Who Bears the Burden of Immigration?

Migrants are on the move across the world, especially from the Middle East to Europe and North America, from Africa to Europe and the United States, and from Mexico and other Latin countries to the South to the United States. Immigration celebrationists pretend that mass immigration is an unmixed blessing, but what is happening in Europe, as one country after another shuts its borders to a vast influx of Middle Easterners, suggests that the lessons of experience do not teach that more immigration is always better.

So who is actually bearing the burden of immigration in today’s world? The Senate Subcommittee on Immigration and the National Interest answers the question, at least for the Western Hemisphere. This chart shows the number of migrants currently living in the United States, compared with 21 Latin American countries:


The United States is currently home to an astonishing 46 million migrants. The U.S. has only 4.5% of global population, but hosts about 20% of the world’s migrants. All Latin American countries combined have taken in only 7.8 million migrants, one-sixth of America’s total, even though they have double our population.

Someone might say, Sure, but the U.S. is a nation of immigrants. Perhaps, but so are Brazil, Argentina, Chile and the Caribbean countries. Indigenous populations account for only a small percentage of Latin America’s population–less than 0.2% of Brazil’s, for example. So why aren’t the immigrant nations of Latin America taking their “fair share” of the world’s migrants?

The reality is that Americans have been chumps. Could we enact Mexico’s immigration laws, which have admitted barely more than a million migrants out of a Mexican population of 122 million? Not a chance–to do so would be “racist,” even though Mexico has adopted draconian immigration laws to keep out Hondurans and Guatemalans who are demographically indistinguishable from Mexicans. (Likewise, liberals howl that it would be “racist” to adopt Mexico’s voter ID laws. Or Canada’s.)

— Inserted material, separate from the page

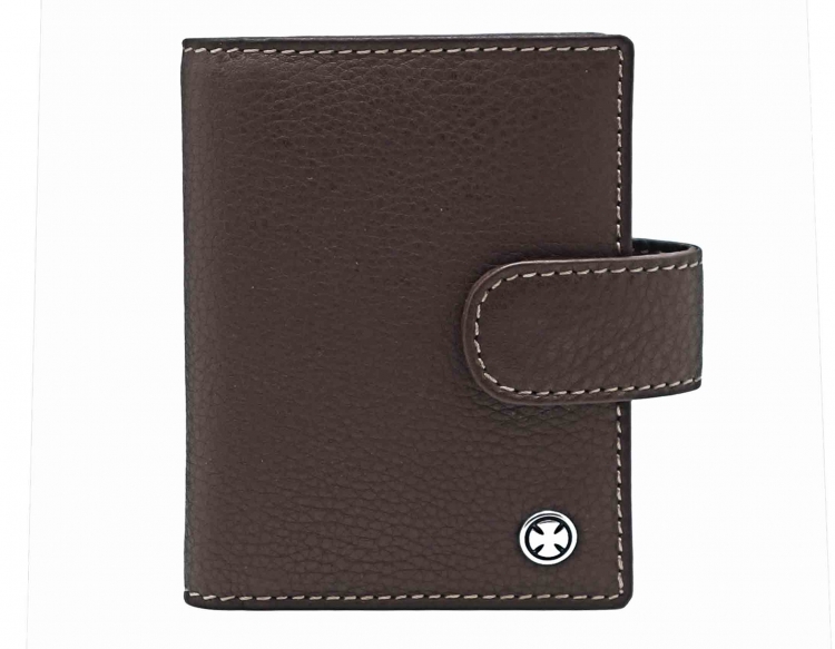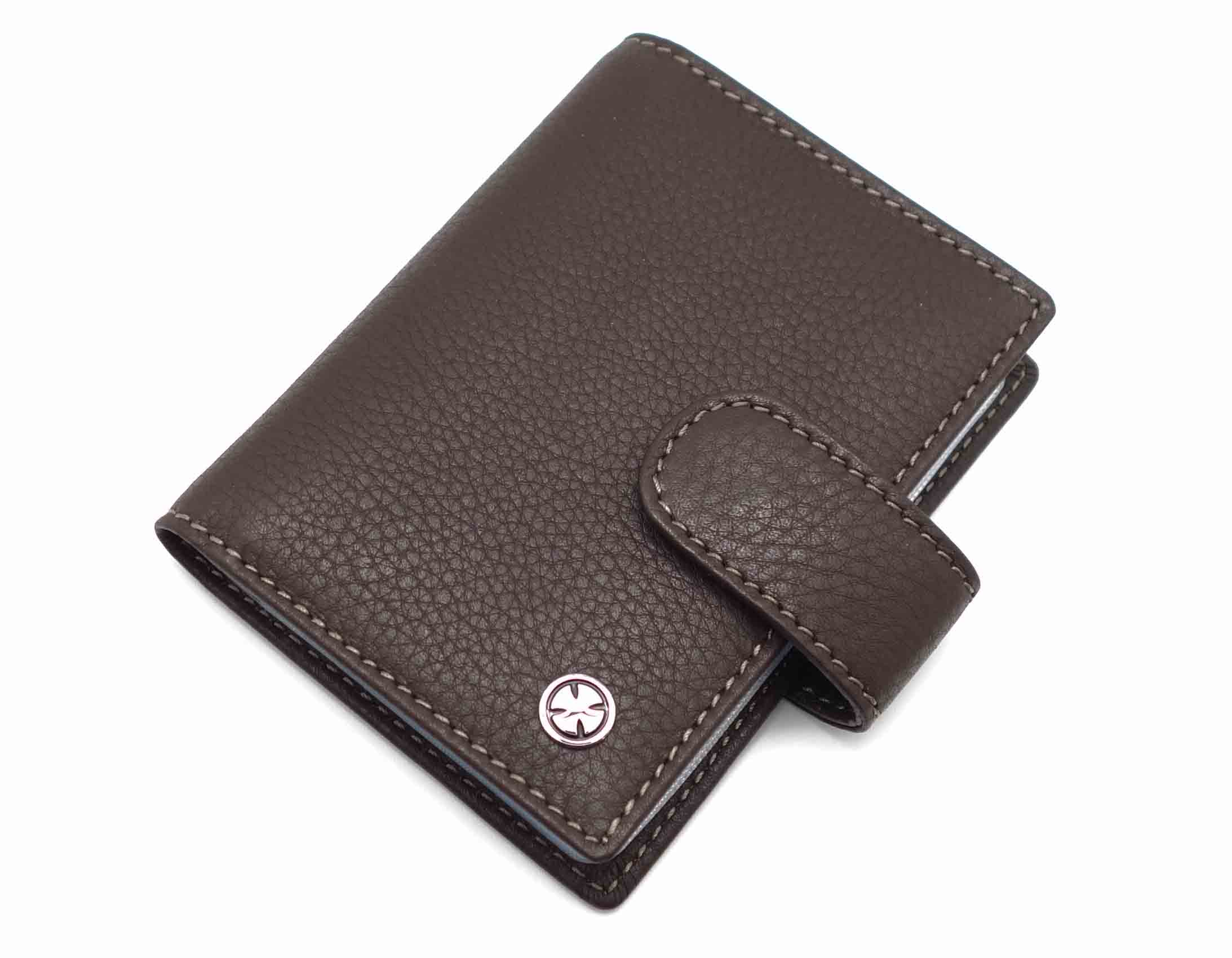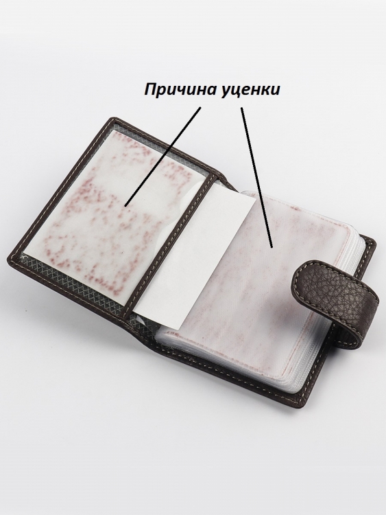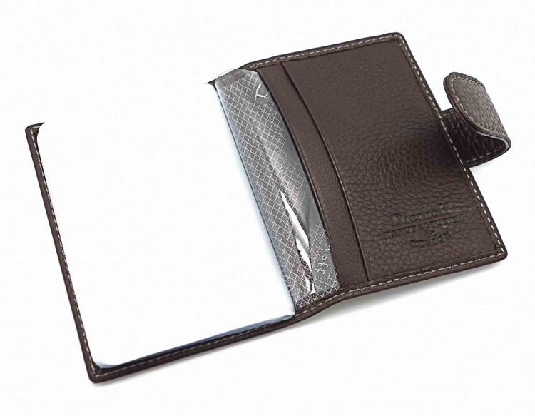 Размер: 8 х 10,5 см. Закрывается на хлястик с кнопкой. Внутри: 24 прозрачных пластиковых файла для карточек, текстильная подкладка и прозрачный захват на левой створке, кожаный захват и кармашек на правой створке.

Very few Americans understand how our immigration laws were rewritten in the 1960s, under the direction of Ted Kennedy, so that they would no longer favor the interests of American citizens, but rather would result in admitting enormous numbers of migrants based on criteria that are largely irrational. American voters may not get the details, but they know that America’s current immigration policies are drastically changing our culture, giving rise to a great deal of violent crime, and causing environmental degradation as well as pressures on our welfare, police, health care and education systems, and, perhaps most important, driving down the wages of low-skilled American workers.

I am talking here 80% about legal immigration, and 20% about illegal immigration. The American people have figured this out. Why can’t the political class?